A couple of weeks ago, I wrote a post that apparently resonated with a lot of women called 7 Things I Wish I Had Known Before My First Baby. I received several responses from moms telling me that they could relate to my new mom struggles. I now want to expand on the one that was the most personal and the most difficult for me – the struggle to bond with my new baby.
Before I had my first baby, women were constantly telling me how wonderful motherhood is. They would tell me things like, “The minute they put that baby on your chest, you won’t even remember the pain,” or “It’s all worth it once you meet that little one.” This brought me tremendous relief, as I was terrified of giving birth. I was also a bit hesitant about the whole motherhood thing. Even though I was excited about the addition that was coming to our family, I was still unsure about what kind of mother I was going to be. I still wasn’t sure that I would love being a mother. Hearing mother after mother talk about how it just came naturally upon delivery was very reassuring to me. I assumed the right feelings would come as soon as my baby did.
Unfortunately, that’s not how it happened. When I gave the final push and they put Aidan on my chest, I just felt relief that labor was over. I didn’t feel any kind of instant bond with him. When I looked down at him, it felt like I was watching someone else. He felt like a stranger to me. He didn’t feel like mine. I was just holding a baby. I certainly didn’t feel those feelings everyone had told me would come as soon as I held him. I thought to myself, “This isn’t right. This isn’t how it’s supposed to be.”
“What is wrong with me?”
On our first outings together, I was constantly bombarded by women saying, “Isn’t motherhood the best feeling in the world?” and “Did you ever imagine you could love anyone this much?”

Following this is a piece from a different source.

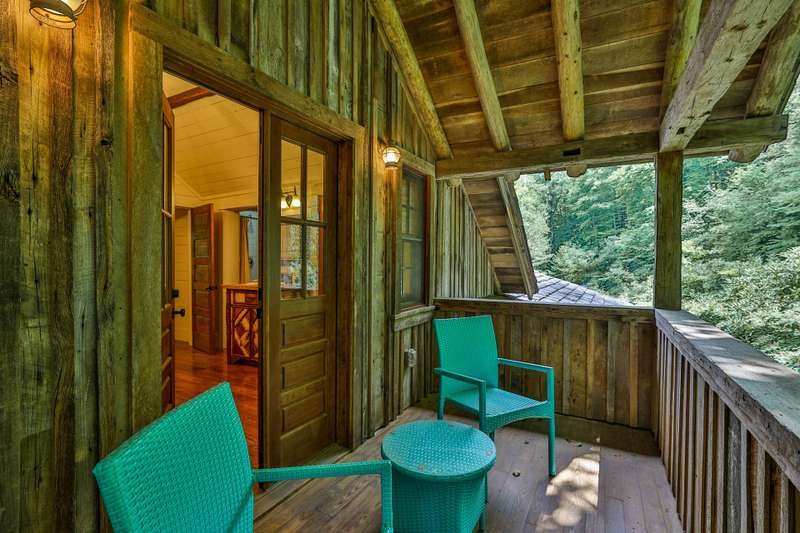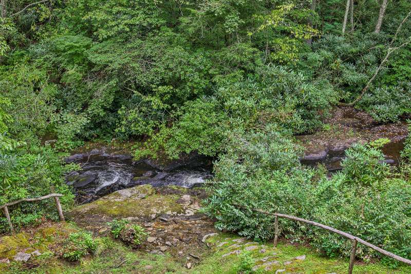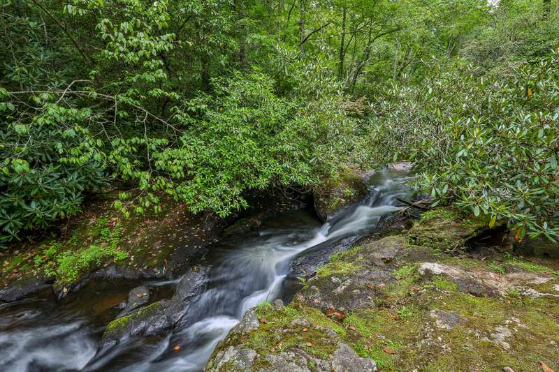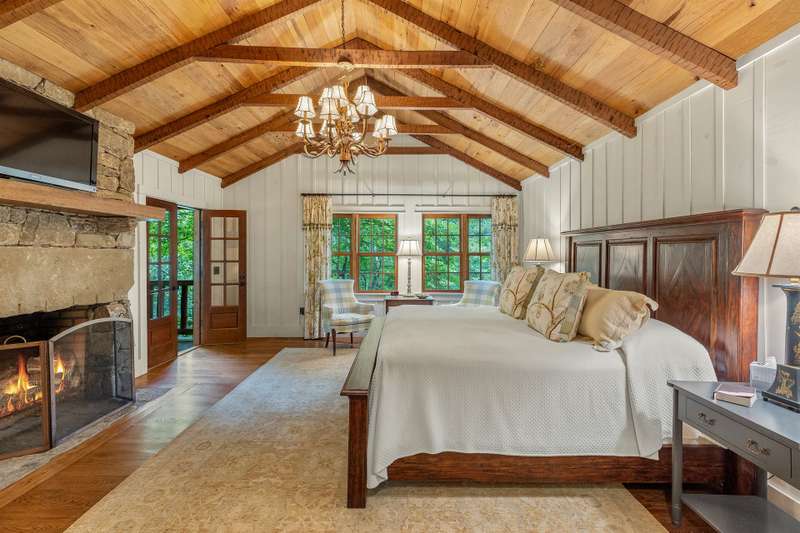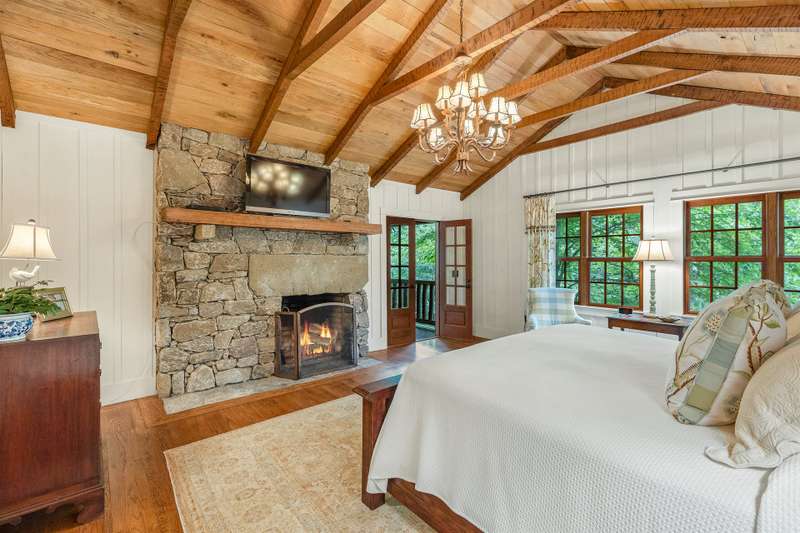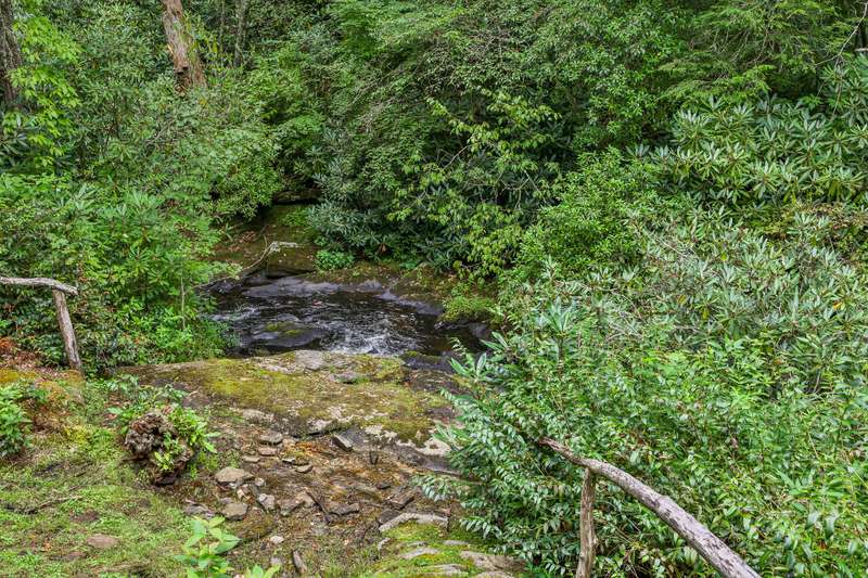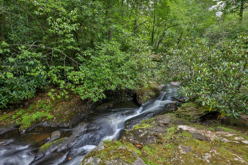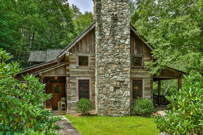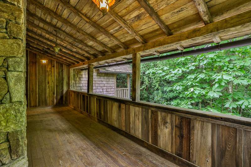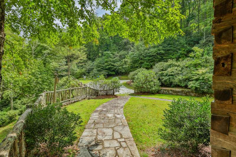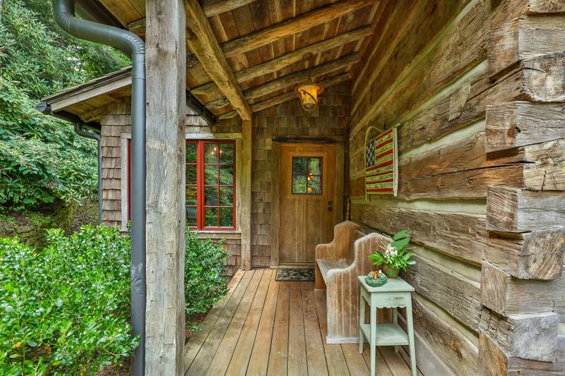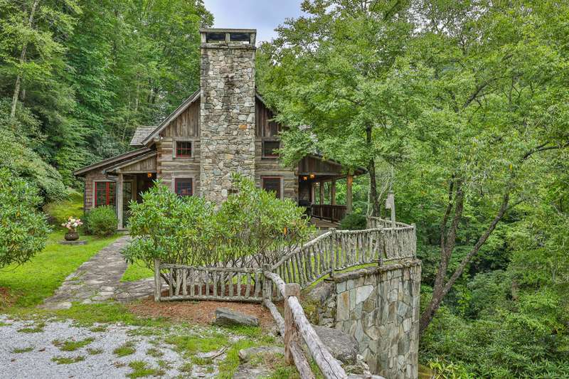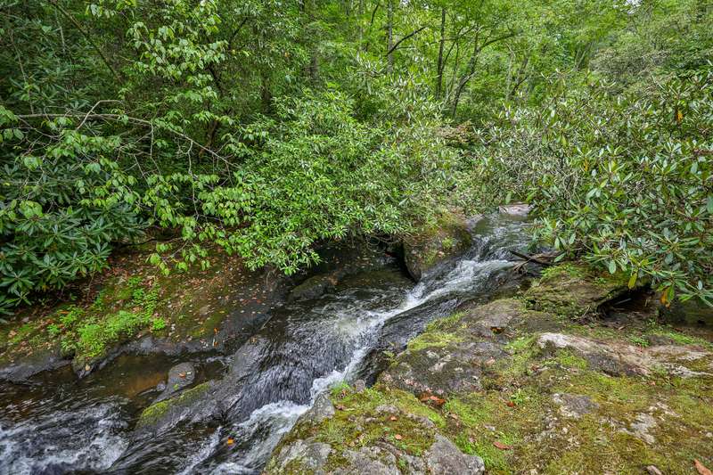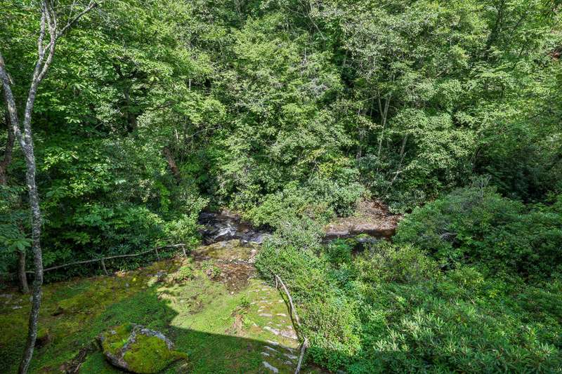 Discover the quintessential Highlands home, masterfully crafted by renowned local builder Tommy Chambers and completed in 2010. This 4 bedroom, 5 1/2 bathroom masterpiece showcases the unparalleled charm of antique Pennsylvania timbers, seamlessly blending historical character with modern amenities. Nestled on 1.82 private acres, the property overlooks the picturesque Big Creek and waterfall, whose soothing sounds can be enjoyed from each of the home's seven covered porches. A large family can sleep 10 easily and still have privacy Inside the home, you'll find three extraordinary stone fireplaces, constructed from locally sourced boulders uncovered during construction, adding a rustic elegance to the space. Additionally, there is another fireplace on the lower level large porch. The expansive main level living room features soaring ceilings, a loft, and a grand fireplace, with direct access to a covered porch that offers breathtaking views of the cascading creek and waterfall. The kitchen features a breakfast area, sub-zero refrigerator, hard surface countertops, a high-end double oven gas range with griddle, grill, heat lamps and exhaust. The main level primary bedroom is a tranquil retreat, complete with a beautiful fireplace, vaulted ceilings, and a large private porch. Each spacious guest bedroom includes an ensuite bath and its own private covered porch, ensuring comfort and privacy for all. Though this home is conveniently close to town, it offers a serene escape from the world, where history, craftsmanship, and natural beauty converge. Adding to its allure, the property is just moments away from the upscale SkyLine Lodge and Oak Steakhouse, providing quick and easy access to a town favorite restaurant and bar. Experience the timeless allure and historical richness of this expertly designed home, where every detail has been thoughtfully crafted to create a sanctuary of peace and elegance.

I understand their excitement now. I understand their sentiments now. The problem was … I didn’t have those feelings then. I would smile, nod, and agree. I would give all the appropriate responses and say the right words. But inside, I was devastated. Motherhood wasn’t the greatest feeling in the world, and I didn’t have overwhelming feelings of love toward my baby.
That made me feel awful. I was wracked with guilt. What kind of mother was I? My fears were coming to pass – I was not cut out to be a mom. I didn’t have the right feelings.
I didn’t know what to do. Obviously, there was no turning back. Aidan was mine regardless of my feelings. I was his mom, and he needed me. So I did the only thing I could do. I took care of my baby.
But all the while, I was distraught over the fear that I didn’t love him like I was supposed to.
Turning a Corner
A few weeks down the road, however, things started to change. As I fell into a new routine with Aidan, and I got better at caring for him, the feelings started to come. As I held him, rocked him, and snuggled him, the bond grew stronger. I stopped feeling like I was babysitting someone else’s child, and I began to connect with my precious child.
Eventually the day came that I thought, “Wow! Motherhood is the best feeling in the world! And no, I can’t imagine ever loving someone so much!” The feelings were sudden and overwhelming. And now, over two years later, I’m constantly amazed at the amount of love I have towards him, and my heart feels like it could literally burst from it.
Related post: 7 Things I Wish I Had Known Before My First Baby
Encouragement to New and Soon-to-be Moms
I let you into this very personal part of my experience to you for one reason. To let my story be encouragement and reassurance to new or soon-to-be moms. You will be flooded with well-intentioned women gushing about the wonders of motherhood. For many, those feelings come the first time they hold their babies. But it may not always come right away. Don’t be alarmed if you don’t experience the same kind of instant connection with your baby. Like me, it may just take time.
And that’s okay! Because love isn’t about feelings. Love is sacrificial. Putting your wants aside to take care of your child is love, regardless of the presence or absence of butterflies. In the meantime, don’t despair! They will come, I promise. Give yourself grace. You are fit to be a mom.